Use the button Upload review results to upload your file. You can see the format here.

Assignments are reviewed in a TSV file.

How is the data from the "hint" column displayed?

The hint column should be filled out for your training tasks. When creating a main task, you only need to fill out the input fields. Omit the other fields or delete them along with their headers.

The file structure and how to fill it out is described here.

What do the lines "Add your text here" mean?

"Add your text here" is a hint for you. It means that you can replace the text in the field with your task data. The file structure and how to fill it out is described here.

Why do double quotes disappear from the output if I try to escape them using quotation marks?

If you have one word enclosed in quotes, format the uploaded assignment like this: "How many letters are there in the word ""Liechtenstein""". If you are escaping quotes inside your text, then the entire text must be enclosed in quotes. For more information, see the Guide.

Why haven't I received assignments since I launched my first project, and all the uploaded assignments are marked as "Training"?

Check the hint field. For the main tasks, this field must be empty.

How do I create the task file properly so that there are no errors?

In the file with the main tasks, the columns with the INPUT headers must be filled out. You can see those headers if you download a sample file from the pool.

If you are creating control tasks, fill out the GOLDEN columns with the correct responses.

If you are creating a training task, you also need to fill in the HINT:text column. For the main tasks you don't need any columns other than INPUT, so feel free to delete them.

The file format must be TSV, and the encoding must be UTF-8.

For more information about creating the file, see the Guide. If there are errors during the upload, look up the error description on this page.

Why do I see a syntax error when I upload a task where a user has to view an image and write feedback?

The error might occur if the expected input type is URL, but a string is received.

There may be two reasons:
  • The input field has the "link" type.
  • The pool was created for an outdated project version. It means that the pool was created before you changed the input field type.
What is the maximum number of tasks per page?

It depends on the task. Technically, you can use as many tasks you want.

But users are reluctant to take lengthy tasks. They'd rather do 10 tasks that take one minute each than one task that takes 10 minutes.

In addition, if you use a large number of tasks on the page, there might be issues with uploading the files to be labeled. This problem might occur with images.

The third thing to consider is quality control and assignment review.

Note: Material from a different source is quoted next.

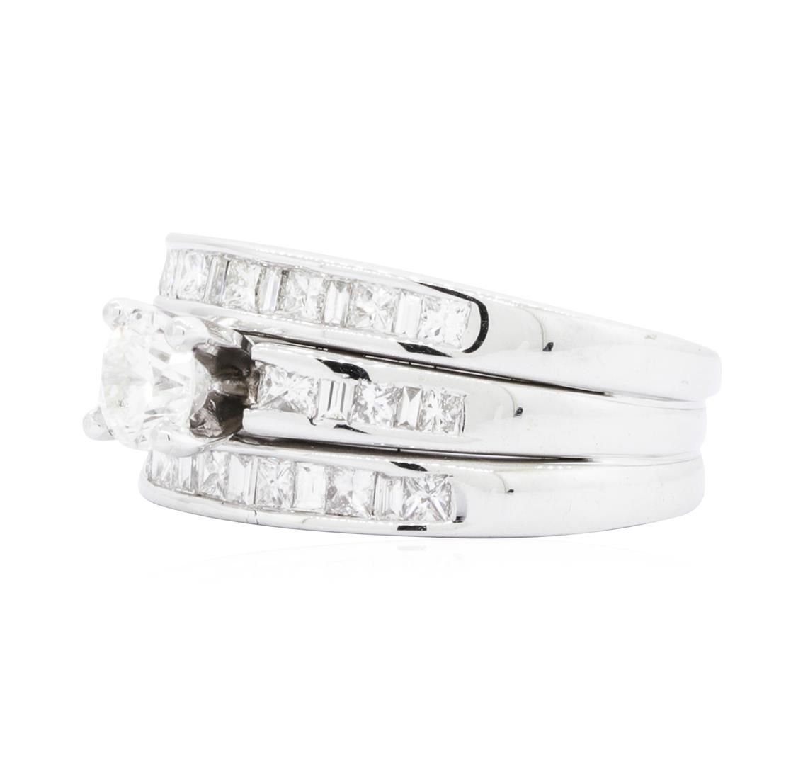 One set electronically tested 14KT white gold Ladies combination cast & assembled wedding ring soldered to wedding bands with a tapered shank with a bright polish finish. The featured Ladies ring set has a triple shank measuring 4.10 millimeters wide. Condition is used, good workmanship. Containing: One prong set round brilliant cut diamond, measuring 4.65 - 4.60 x 2.96mm (depth est.) , 5.00.%. GTCF approximate weight of 0.43ct. Graded in the setting. Color G - H Clarity SI-2 Cut Good Twenty channel set princess cut diamonds, measuring 1.70 x 1.65 x 1.24mm (depth est.) approximate total weight of 20 Stones = 0.57ct. Graded in the setting. Color H - I Clarity VS-2 to SI-1 Cut Very Good Sixteen channel set baguette cut diamonds, measuring from 1.75 x 1.00 x 0.85mm (depth est.) to 1.80 x 1.20 x 1.02mm (depth est.) approximate total weight of 16 Stones = 0.27ct. Graded in the setting. Color H - I Clarity VS-2 to SI-1 Cut Good. Total Weight of Diamonds 1.27ct. Total Weight of Ring Soldered To Wedding Bands 6.40gm. GAS Appraised.

If you use recompletion of assignments from banned users, you should split the task into smaller parts so that fewer assignments are recompleted. You are more likely to meet your budget this way.

I have a task for photo classification. When there are more than 5 photos on the page, why does Toloka split them across 2 pages?

Toloka will split the links to images in the uploaded file into pages depending on the method you specified when uploading the TSV file. For more information about the three upload methods, see the Guide.

Are TSV files sensitive to the order of the INPUT field and GOLDEN fields?

TSV files are insensitive to the order of fields. Use your preferred order of fields.

How do I add multiple "known_solutions" to a TSV file with a training task?

You can't use the interface to upload the tasks with multiple correct responses to the pool. You can only use the API for that.

Where is my TSV file added if I upload it to the running pool?

If you have the Keep task order option enabled, labeling will start after the previously uploaded tasks are taken by users. If this option is disabled, we can't guarantee that the tasks are assigned in their sequence order.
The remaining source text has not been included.